> _Description of the task_: Excluding pictures, what does the listing below contain from the line with "わが家のおもちゃを隣人の子が" up to and including the line with "Lugar 1 1/2", word for word?

> _Task material_:
============================================================
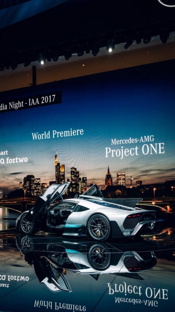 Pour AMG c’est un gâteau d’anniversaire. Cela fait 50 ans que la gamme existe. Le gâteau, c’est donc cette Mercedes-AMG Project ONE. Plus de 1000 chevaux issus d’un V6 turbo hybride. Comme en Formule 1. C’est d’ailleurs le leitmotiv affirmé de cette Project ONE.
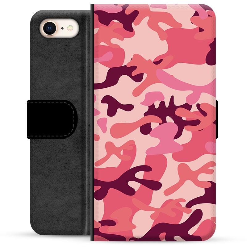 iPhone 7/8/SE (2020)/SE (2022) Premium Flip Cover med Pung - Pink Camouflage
============================================================
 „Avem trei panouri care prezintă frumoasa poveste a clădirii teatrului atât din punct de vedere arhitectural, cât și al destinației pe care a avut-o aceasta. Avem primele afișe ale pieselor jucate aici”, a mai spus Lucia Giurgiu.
============================================================
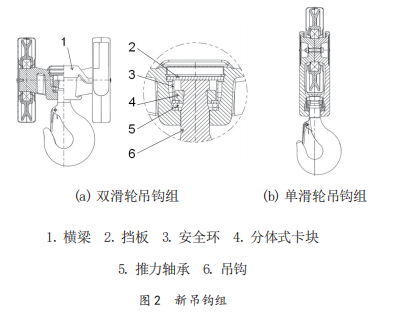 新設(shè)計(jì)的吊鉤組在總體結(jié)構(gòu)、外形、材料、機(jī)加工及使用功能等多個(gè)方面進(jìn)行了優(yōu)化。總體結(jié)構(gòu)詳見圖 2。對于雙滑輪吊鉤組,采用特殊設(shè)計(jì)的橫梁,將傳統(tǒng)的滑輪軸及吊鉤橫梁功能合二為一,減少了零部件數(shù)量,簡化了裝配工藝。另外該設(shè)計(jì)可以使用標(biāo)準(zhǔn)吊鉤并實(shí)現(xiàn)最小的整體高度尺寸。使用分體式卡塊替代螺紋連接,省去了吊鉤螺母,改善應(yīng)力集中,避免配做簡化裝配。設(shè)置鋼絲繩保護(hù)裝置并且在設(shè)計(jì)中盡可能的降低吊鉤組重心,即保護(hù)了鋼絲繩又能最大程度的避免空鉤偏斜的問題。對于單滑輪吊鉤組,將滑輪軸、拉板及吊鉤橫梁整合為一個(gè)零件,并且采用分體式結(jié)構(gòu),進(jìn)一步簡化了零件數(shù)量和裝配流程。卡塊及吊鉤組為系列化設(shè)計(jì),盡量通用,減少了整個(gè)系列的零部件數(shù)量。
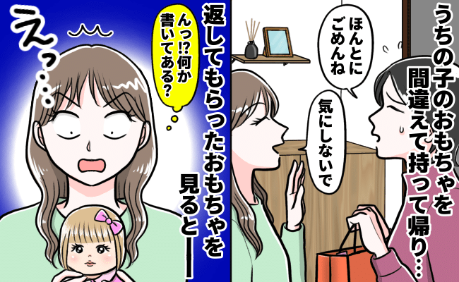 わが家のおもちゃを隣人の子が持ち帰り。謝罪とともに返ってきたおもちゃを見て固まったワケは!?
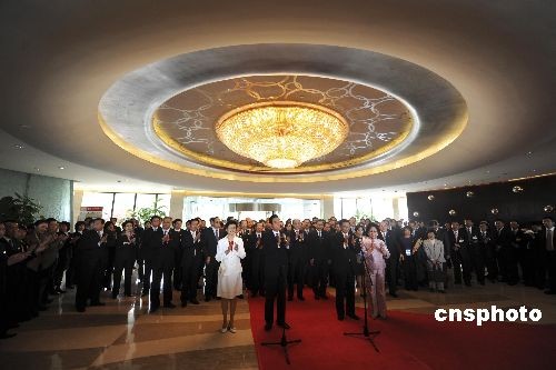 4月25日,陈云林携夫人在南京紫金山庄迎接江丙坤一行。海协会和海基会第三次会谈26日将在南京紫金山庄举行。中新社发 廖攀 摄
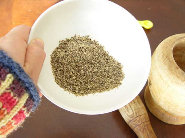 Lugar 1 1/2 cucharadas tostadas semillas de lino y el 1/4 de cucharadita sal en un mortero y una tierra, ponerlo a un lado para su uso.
============================================================
> _The completed task_:
 わが家のおもちゃを隣人の子が持ち帰り。謝罪とともに返ってきたおもちゃを見て固まったワケは!?
 4月25日,陈云林携夫人在南京紫金山庄迎接江丙坤一行。海协会和海基会第三次会谈26日将在南京紫金山庄举行。中新社发 廖攀 摄
 Lugar 1 1/2 cucharadas tostadas semillas de lino y el 1/4 de cucharadita sal en un mortero y una tierra, ponerlo a un lado para su uso.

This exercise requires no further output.